A single new module, mcp_server.metadata, plus one new route on the Starlette app, together publish a spec-shaped RFC 9728 discovery document at /.well-known/oauth-protected-resource. The document names the resource, the authorization servers that issue tokens for it, the scopes a client can request, the bearer presentation methods we accept, and the JWT signing algorithms we honour. Every field is overridable through an environment variable, but each override falls back safely to a vytharion.example placeholder.

The document is public by design — the endpoint sits outside PROTECTED_PATHS, returns no WWW-Authenticate header, and serves a Cache-Control: public, max-age=300 so a busy retry loop can be absorbed by an intermediate cache without hammering the origin.

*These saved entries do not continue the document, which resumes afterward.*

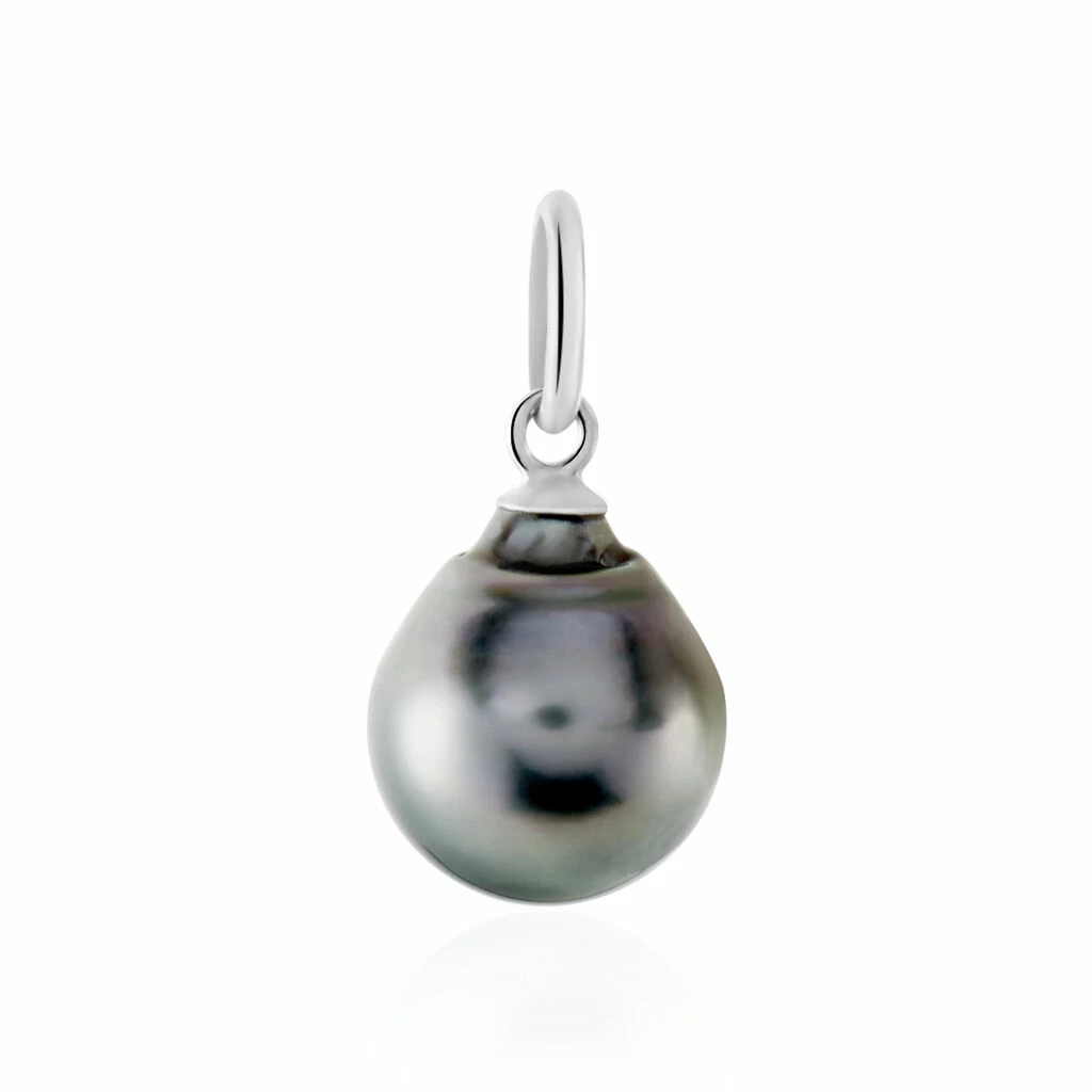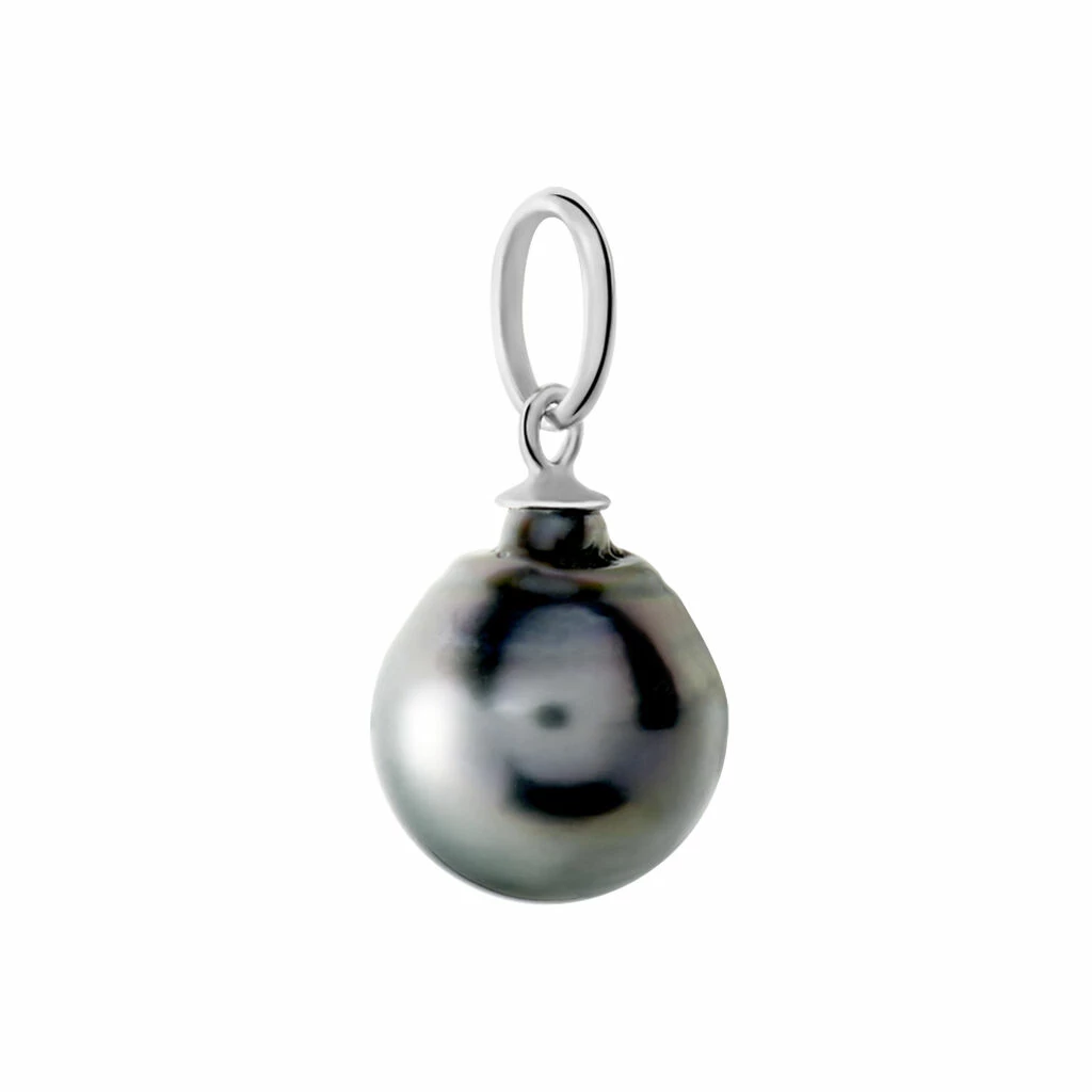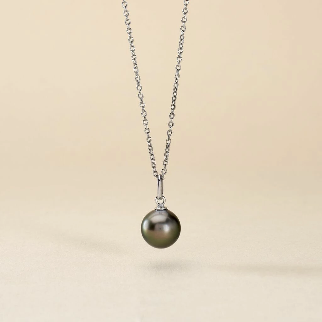 Pendentif Or Gris 375/1000 Perle De Culture De Tahiti Noire 9.5/10mm
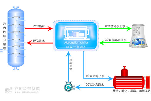 1、系统设计该公司一期5万吨/年己内酰胺项目上,采用蒸汽型吸收式制冷机制取低温冷水提供萃取等工艺用冷,己内酰胺分馏装置产生的高温水没有得到有效利用,通过空冷器进行降温循环使用,耗电巨大;蒸汽价格较高(内部结算价为80元/吨),采用蒸汽型吸收式制冷机也会产生较高的运行费用。因此
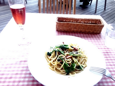 オーダーしたのは海辺のペペロンチーノとロゼワイン。
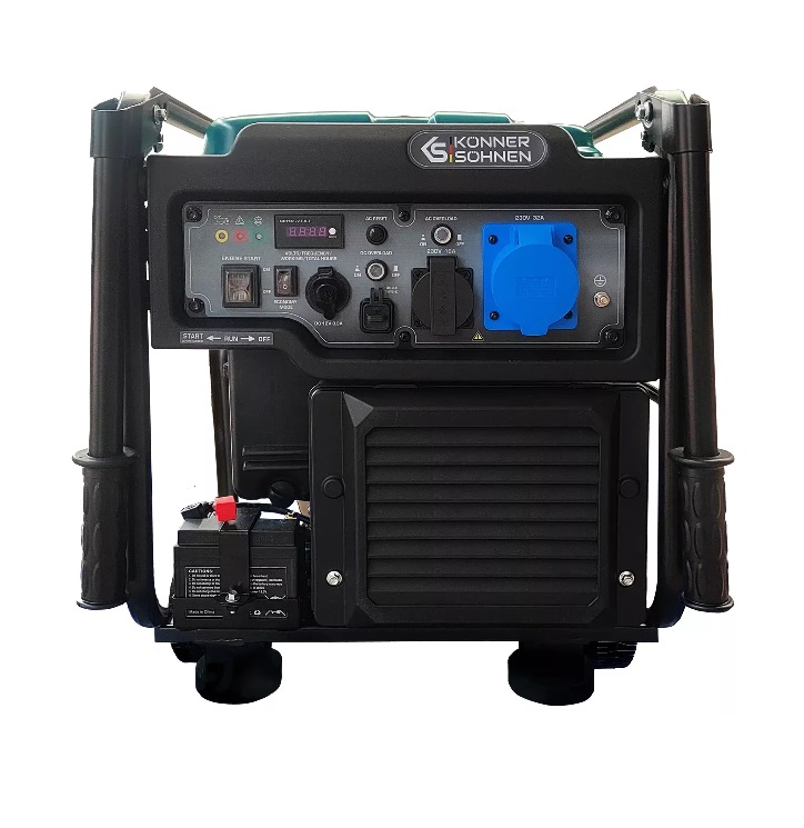 Інверторний генератор Könner & Söhnen 6500iE — сучасне автономне джерело живлення (6,5 кВт максимальна/ 6,0 кВт номінальна потужність) з правильною синусоїдою, безпечне для чутливої техніки. Підходить для сонячних електростанцій, медичного, телекомунікаційного та охоронного обладнання. Оснащений електростартером, потужним двигуном EURO 5, режимом ECONOMY MODE (до 50% економії палива). LED-дисплей, що показує вольтаж, частоту струму, кількість відпрацьованих мотогодин, зручна панель керування. Є розетка змінного струму 1×16А (230В), розетка постійного струму 12B/8.3А, USB QC 3.0 + Type C.
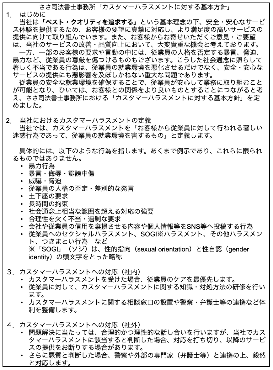 ささ司法書士事務所では、以下の「カスタマーハラスメントに対する基本方針」に基づき、カスタマーハラスメントに対して、組織として適切に対応いたします。

The bearer-guard contract from step 2 is unchanged: /mcp still rejects unauthenticated requests with 401 and the bare Bearer challenge, and every step-2 test still passes.

We also pinned three invariants that step 4 will lean on. First, build_metadata() is idempotent — calling it twice with the same environment yields the same document, so the populated WWW-Authenticate header can reference the metadata URL without worrying about drift. Second, the bearer-methods whitelist refuses anything outside header | body | query, so a typo in deployment config cannot ship an invalid spec value. Third, the privacy test forbids /Users/, /app/, localhost, and 127.0.0.1 from appearing in the served body — the document is publishable on the open internet by construction.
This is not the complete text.